Goal of the exercise
The reader should set down exactly the lines from the one containing "Wall-Mounted Wood Splitter" through the last line of the material, omitting every picture.

Recorded data
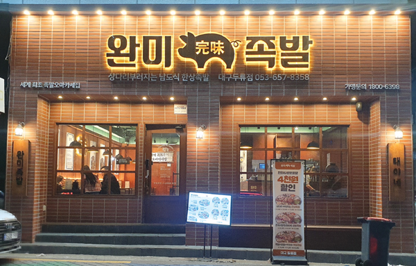 ‘완미족발’은 대구 두류역 7번 출구에서 도보로 약 360m 거리에 위치해 있으며, 두류동 먹자골목 내에 자리 잡고 있다. 이 지역은 다양한 먹거리가 밀집해 있어 먹거리 여행을 즐기는 이들에게 인기가 많다. 주차장이 따로 마련되어 있지 않기 때문에 대중교통을 이용하는 것이 더욱 편리하다. 가게 내부는 넓고 아늑한 분위기로 꾸며져 있으며, 테이블 간격도 여유로워 단체 손님도 수용할 수 있는 공간을 제공한다. 가족이나 친구들과 편안하게 식사하기 좋은 곳이다.
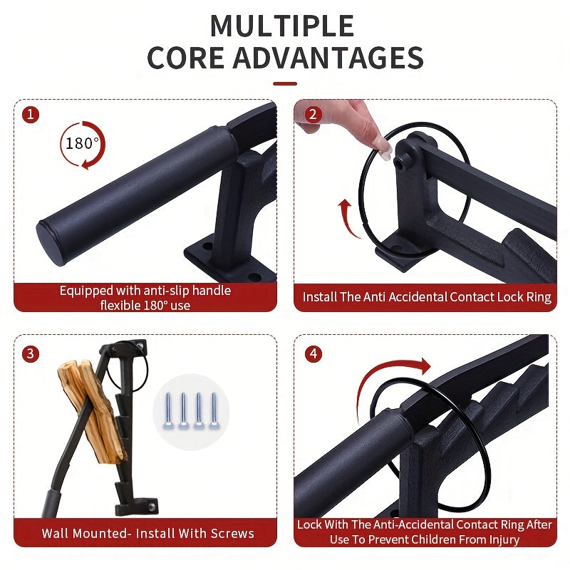Wall-Mounted Wood Splitter High Carbon Steel Manual Firewood Cutter Indoor Outdoor Use
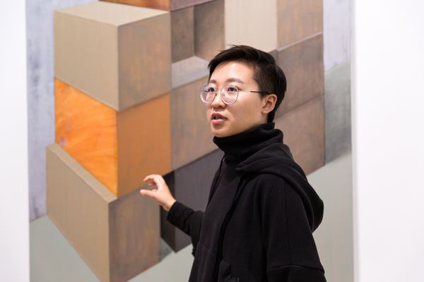 藝術家趙新宇,1989年出生于內(nèi)蒙古,2012年畢業(yè)于四川美術學院油畫系。趙新宇最早的創(chuàng)作,即為人所知的“車廂”系列,涉及了一種日常經(jīng)驗,后續(xù)階段的作品以情緒性和敘事性為底色,而使得整個畫面頗具戲劇色彩。在新作當中,這一痕跡的延伸則是趙新宇似乎試圖通過對畫面結構的編排,對比之前的作品,依舊是在構景,但卻在逐漸在取締物的現(xiàn)實性因素。新作當中技法的轉變,厚涂式的平推僅保留了一部分,新作當中的轉向在某種程度上僅僅構成了對于厚涂畫法的一個對立面發(fā)生,像是一次新的開場,畫面本體基本問題再次噴涌而來,在這一情形下,趙新宇通過對于框架結構式描繪的轉向,試圖引向一種對于畫面心理的感知。
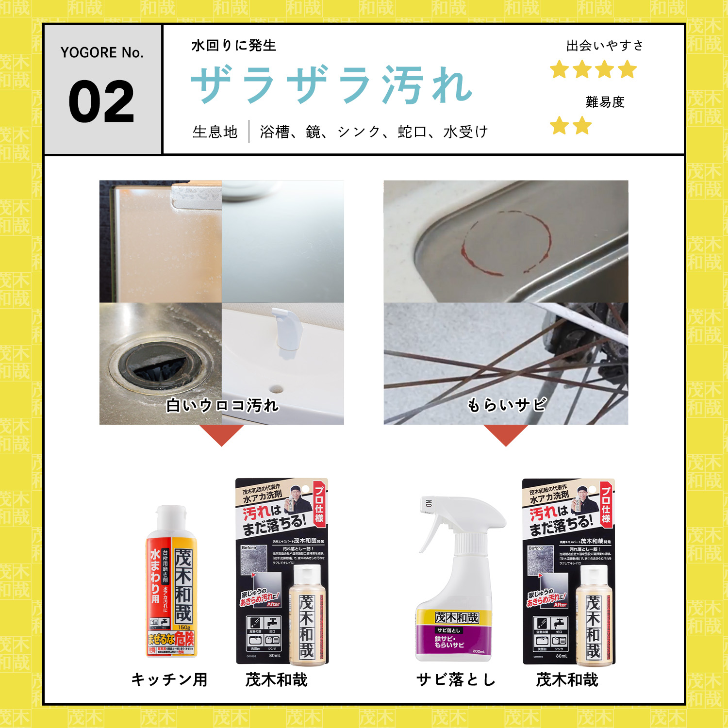 「茂木和哉」からさらにパワーアップさせた洗浄力をもつ洗剤です。「蓄積された頑固な水アカ汚れを落としつつ傷つきにくい」を目指して設計しており、茂木和哉シリーズ史上最大の研磨材量を配合(約60%)。研磨材×強酸性の中和作用で、パワフルかつスムーズに水アカを除去します。

Written response
Wall-Mounted Wood Splitter High Carbon Steel Manual Firewood Cutter Indoor Outdoor Use
 藝術家趙新宇,1989年出生于內(nèi)蒙古,2012年畢業(yè)于四川美術學院油畫系。趙新宇最早的創(chuàng)作,即為人所知的“車廂”系列,涉及了一種日常經(jīng)驗,后續(xù)階段的作品以情緒性和敘事性為底色,而使得整個畫面頗具戲劇色彩。在新作當中,這一痕跡的延伸則是趙新宇似乎試圖通過對畫面結構的編排,對比之前的作品,依舊是在構景,但卻在逐漸在取締物的現(xiàn)實性因素。新作當中技法的轉變,厚涂式的平推僅保留了一部分,新作當中的轉向在某種程度上僅僅構成了對于厚涂畫法的一個對立面發(fā)生,像是一次新的開場,畫面本體基本問題再次噴涌而來,在這一情形下,趙新宇通過對于框架結構式描繪的轉向,試圖引向一種對于畫面心理的感知。
 「茂木和哉」からさらにパワーアップさせた洗浄力をもつ洗剤です。「蓄積された頑固な水アカ汚れを落としつつ傷つきにくい」を目指して設計しており、茂木和哉シリーズ史上最大の研磨材量を配合(約60%)。研磨材×強酸性の中和作用で、パワフルかつスムーズに水アカを除去します。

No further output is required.